- Born: 1742 St. Christopher, West Indies
- Died: 1778 (aged 35–36) Philadelphia, Pennsylvania
- Burial place: Christ Church Burial Ground, Philadelphia, Pennsylvania
- Spouse: Elizabeth Dawson Taylor
- Military career
- Allegiance: United States of America
- Branch: North Carolina militia, Continental Army
- Service years: 1775-1778
- Rank: Colonel
- Unit: Tyrrell County Regiment, 5th North Carolina Regiment
- Commands: Tyrrell County Regiment, 5th North Carolina Regiment
- Conflicts: Battle of Brandywine Creek, Battle of Germantown

= Edward Buncombe =

Edward Buncombe (1742–1778) was a plantation owner from the Province of North Carolina who served as a colonel in the North Carolina militia and Continental Army (the army of the Patriot side) in the American Revolutionary War. He is the namesake of Buncombe County in western North Carolina. In 1820, his surname (in its status as the name of that county) became the source of the derogatory American slang term, "bunkum" and its shortened form, "bunk" in consequence of the U.S. representative for the county, Felix Walker, invoking the county during a poorly received speech delivered on the floor of the U.S. House of Representatives.

==Biography==
Buncombe was born in 1742 on the West Indies island of St. Christopher (today St. Kitts). He grew up there and in England. He immigrated to North Carolina in 1768 and settled at a plantation he had inherited near the shore of Albemarle Sound on the Atlantic coast, in what is now Washington County. In 1774, as the independence movement of the Thirteen Colonies gathered steam, he took a leading role in convening proindependence meetings, especially the First Provincial Congress, which is reportedly the first assembly anywhere in the Thirteen Colonies to defy a royal governor.

Service record:
- Colonel Tyrrell County Regiment, North Carolina militia (1771-1775)
- 4/15/1776 until his death in May 1778, Colonel of the 5th North Carolina Regiment
- 10/4/1777, captured at Germantown, POW in Philadelphia, paroled
- May 1778, fell down a flight of stairs, reopened old wounds, died as a result.
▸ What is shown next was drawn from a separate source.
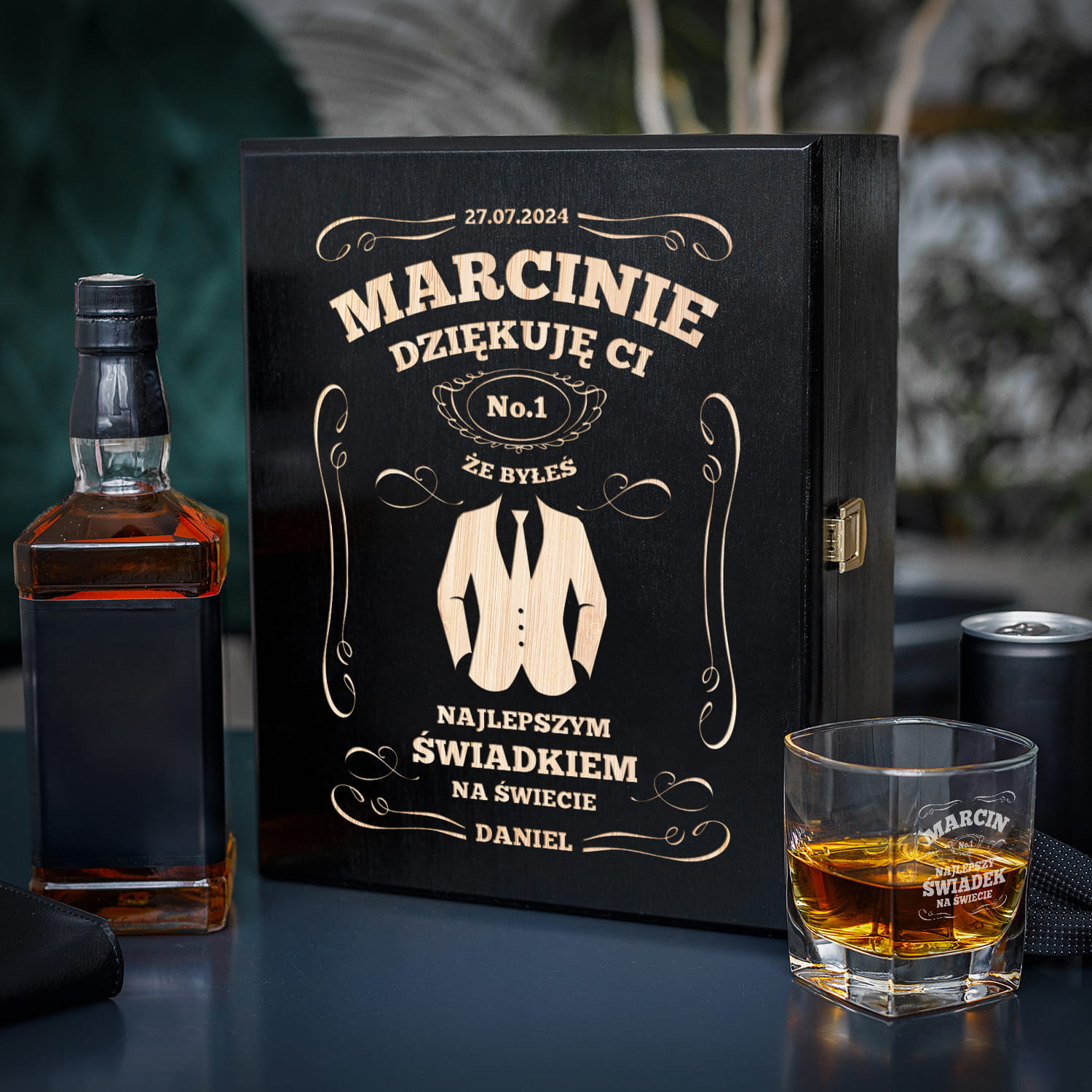 ✳️ Chciałbyś podziękować świadkowi za jego pomoc i obecność podczas uroczystości weselnej? Wręcz mu butelkę znanego trunku w skrzynce z personalizowanym grawerem w zestawie z grawerowana szklanką jako podziękowanie za świadkowanie. ✳️

He was appointed first colonel of the newly formed Tyrrell County Regiment of the North Carolina militia in 1771. The "Halifax Assembly" elected him colonel of the 5th North Carolina Regiment of the Continental Army on April 15, 1776 (three days after it had passed the historic Halifax Resolves). He was wounded and captured on October 4, 1777 at the Battle of Germantown, fought several miles outside of the rebel capital of Philadelphia, which the British had recently seized. He was left for dead and the next day a British officer who was an old friend found him and brought him to Philadelphia for medical treatment. The British army paroled him to that city. Bumcombe wrote to General George Washington requesting an exchange for a British prisoner but was ignored. The following May 1778, Col. Buncombe fell down some stairs while sleepwalking and his wounds reopened, causing him to bleed to death. He is buried in Christ Church Burial Ground in Philadelphia.

Tax records of 1782 say that his estate included 2250 acre of land and 10 Negroes.

In 1791, the State of North Carolina created a new county from parts of two other counties and named it for Col. Buncombe. The present Buncombe County is a combination of parts of the original one with parts of neighboring counties.